Priority Access or Taken for a Ride?


I think of airport priority lanes as a metaphor for our rather pathetic human attempts to acquire elite status, i.e., salvation, by lavishing love, treasure and lifelong fealty upon a remote Sky Power that supposedly "cares" for those who abjectly serve Its inscrutable ends. In spiritual parlance, this divine favor is usually termed "grace," whereas in airport lingo, it is more prosaically called "priority access." Now priority access, like Dante's heaven and hell, contains within itself a number of hierarchical levels, each designated by the name of a precious metal or stone:  platinum, gold, diamond, emerald, ruby, sapphire, etc, and each entitling its members to privileges slightly different from those granted to members of the other tiers (an extra carry-on, say, or maybe 10 points of Delta Dividends). Nonetheless, and these piddly distinctions notwithstanding, in the great scheme of Airline Advantage Rewards, priority--any priority--is still priority--and the essential for all those who bear any elite status whatsoever is that they are all chosen, and they all therefore get to board first. 

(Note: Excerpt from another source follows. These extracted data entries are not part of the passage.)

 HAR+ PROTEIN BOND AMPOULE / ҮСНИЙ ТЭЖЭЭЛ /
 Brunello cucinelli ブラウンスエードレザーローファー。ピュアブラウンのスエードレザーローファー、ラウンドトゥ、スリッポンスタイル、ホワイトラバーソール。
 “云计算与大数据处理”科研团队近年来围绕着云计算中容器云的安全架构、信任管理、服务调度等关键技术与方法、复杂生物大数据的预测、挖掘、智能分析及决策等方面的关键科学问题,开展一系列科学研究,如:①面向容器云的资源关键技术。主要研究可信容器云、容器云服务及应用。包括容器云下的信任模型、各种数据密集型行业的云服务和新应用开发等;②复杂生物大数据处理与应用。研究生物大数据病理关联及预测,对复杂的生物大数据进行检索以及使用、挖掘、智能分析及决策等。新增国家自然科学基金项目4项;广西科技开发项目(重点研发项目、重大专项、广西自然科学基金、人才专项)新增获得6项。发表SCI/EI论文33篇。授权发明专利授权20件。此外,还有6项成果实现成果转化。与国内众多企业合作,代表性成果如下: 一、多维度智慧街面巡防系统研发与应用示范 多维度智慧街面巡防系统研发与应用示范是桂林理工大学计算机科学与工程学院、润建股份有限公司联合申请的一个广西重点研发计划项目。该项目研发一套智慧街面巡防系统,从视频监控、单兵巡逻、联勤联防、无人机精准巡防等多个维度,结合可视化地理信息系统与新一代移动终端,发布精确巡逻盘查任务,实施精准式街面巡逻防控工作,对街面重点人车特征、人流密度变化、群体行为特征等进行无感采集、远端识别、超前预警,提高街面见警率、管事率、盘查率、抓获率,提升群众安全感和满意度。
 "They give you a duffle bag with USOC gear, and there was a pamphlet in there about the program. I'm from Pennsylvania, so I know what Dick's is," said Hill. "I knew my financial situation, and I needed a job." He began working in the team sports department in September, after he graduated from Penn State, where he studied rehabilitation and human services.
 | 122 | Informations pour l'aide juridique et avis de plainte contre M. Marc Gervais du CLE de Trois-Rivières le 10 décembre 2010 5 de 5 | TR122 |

Undoubtedly, it is this boarding process which most clearly demonstrates the incalculable value (or, as I will later suggest, inconsequence) of priority. We all know how it works. The Sky Power, having set up a little access sign in the gate area, rewards its Prioritized Chosen with the absolute coolest privilege It can, in Its omnipotence, imagine--the exclusive right to board the plane via the lane to the RIGHT OF THE SIGN. This is presumably such an honor that it must be qualified, in religious terms, as a sort of "rapture"--a direct and immediate translation into the heavenly chambers of the awaiting Boeing, a sort of bodily Assumption, whether or not one is a virgin.

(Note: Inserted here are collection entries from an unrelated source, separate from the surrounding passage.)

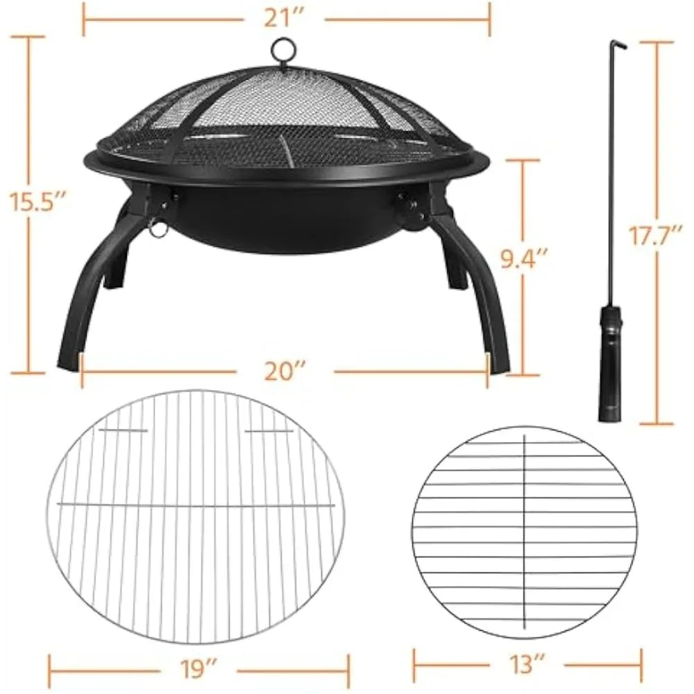 - Small, Lightweight But Practical: Thanks to its lightweight design (weighs 8.7 lb) and foldable legs, this 21 inch fire pit is easy to move around your yards/porches/patios after fully assembled, and is convenient to fold and carry in a compact size for camping trips or beach parties
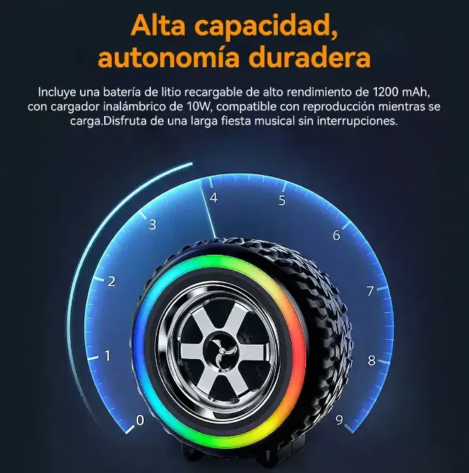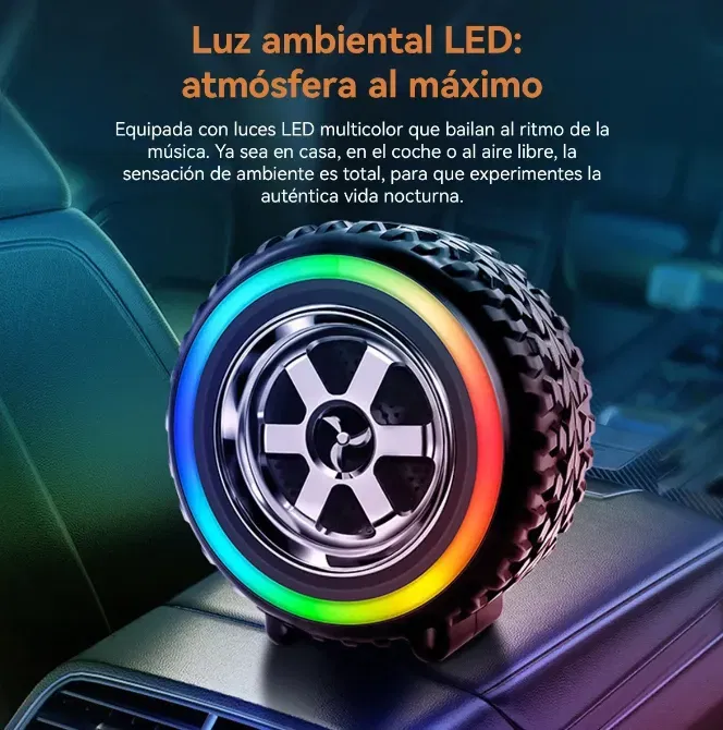 Llevá tu música a otro nivel con este original parlante Bluetooth con diseño de rueda automotriz. Compacto, potente y con estilo único, es perfecto para quienes buscan buen sonido y diseño con personalidad.
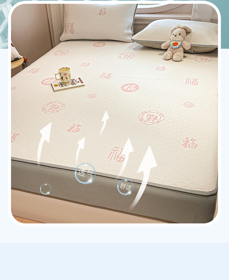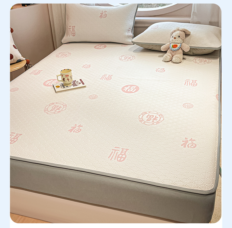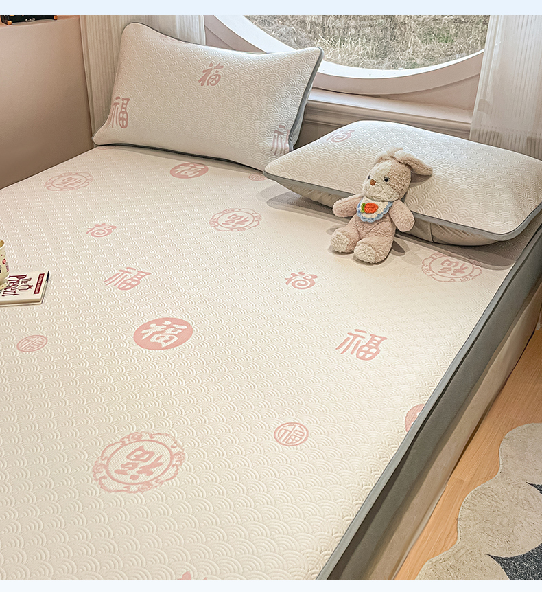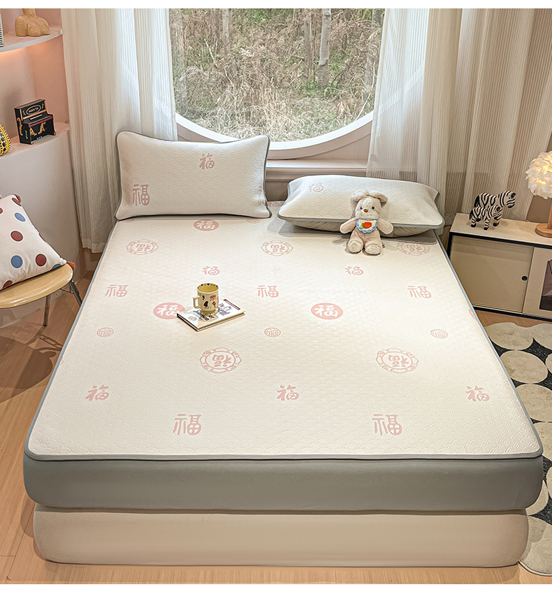 (总)天之澜家纺 2025新款新棉绒幸运熊刺绣夹棉床褥,幸运熊棕,幸运熊粉,幸运熊灰,幸运熊兰,幸运熊绿

Needless to say, of course, such ethereal access must necessarily be denied those travelers bearing no gold, platinum or gemstone boarding passes. Verily, verily, these unlucky infidels, assigned merely to a lowly "zone," can never, ever, be allowed to experience the exaltation of passing to the RIGHT of that sign. Instead, wretched unaffiliated any-carrier travelers, they are eternally condemned to pass--after all the rightwing Prioritized Chosen--to the LEFT OF THE SIGN. Oh, the shame and humiliation! The precious sheep having already entered the fold, they, the riffraff left behind, count as nothing but despicable leftwing goats.


And yet...wait, oh ye of too much over-eager faith. Let's think about this a bit.

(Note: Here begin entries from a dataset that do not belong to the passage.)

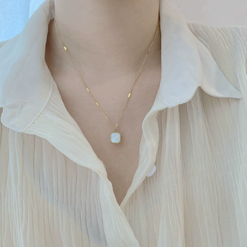 | nameOriginal | French high-end golden square mother-of-pearl necklace for women INS trend niche light luxury exquisite temperament versatile clavicle chain |
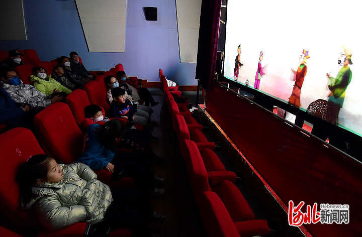 2月5日,邯郸市工人剧院举行冀南皮影戏公益展演,独特的皮影艺术吸引市民前来观看。
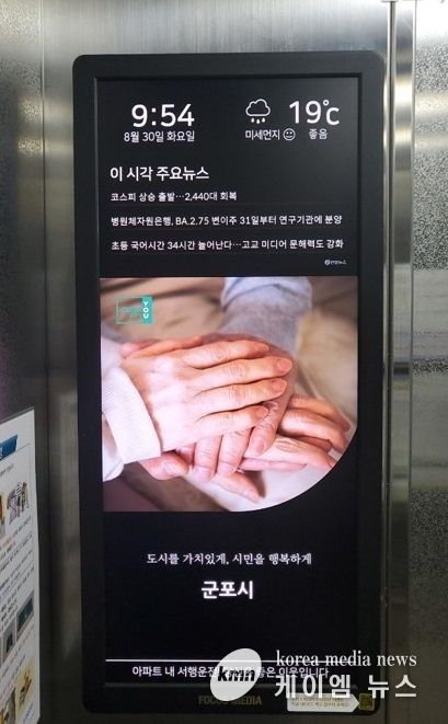 (케이엠뉴스) 군포시가 내년부터 공동주택 엘리베이터에 설치돼 있는 미디어보드를 통한 시정 홍보를 확대할 계획이라고 밝혔다.
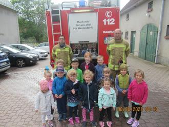 Plötzlich und unerwartet für alle Kinder und Erzieher erklingt der Feueralarm in der Kita Lampersdorf. Die Feuerwehr Wermsdorf war schon alarmiert und stand für die Brandschutzübung am 8. August bereit. Da alle Türen verschlossen waren, führte der Fluchtweg durch das Fenster eines Gruppenraumes. Mithilfe der Feuerwehrmänner konnten alle diesen sonst eher ungewöhnlichen Ausgang schnell bewältigen. Anschließend ging es für Kinder und Erzieher zur Sammelstelle im Garten.

Because, after all, isn't the distance to the plane exactly the same from either the right or the left of the sign? Hmm... And don't we all, sheep and goats alike, board the same plane? And don't we all leave at the same time? Don't we all journey to the same destination? Uh, well...yes, that's about right. Oh, I know that some of the rightwing Prioritized Chosen get free drinks; some get 4 inches more leg-room; some get microwaved chicken enchiladas even on ridiculously short flights. But in the end, grosso modo and in the final analysis, isn't this Life Journey for which we are all ticketed still roughly comparable for all--for both the rightwing prioritized and the leftwing unaffiliated? In short, I have to ask, is the payoff for a lifetime of submission, tithing and conforming to SkyPower restrictions really worth the cost? Well, perhaps--especially for those who love microwaved chicken...

But there's also the possibility that in our desperate quest for heavenly delights, we are just being jerked around--tricked by a Priority Access sign into thinking that the rightwingers will get a scepter (and the others the shaft), when in actual fact, all of us, on both sides of the sign--rightwingers and leftwingers alike--are just getting taken for a ride.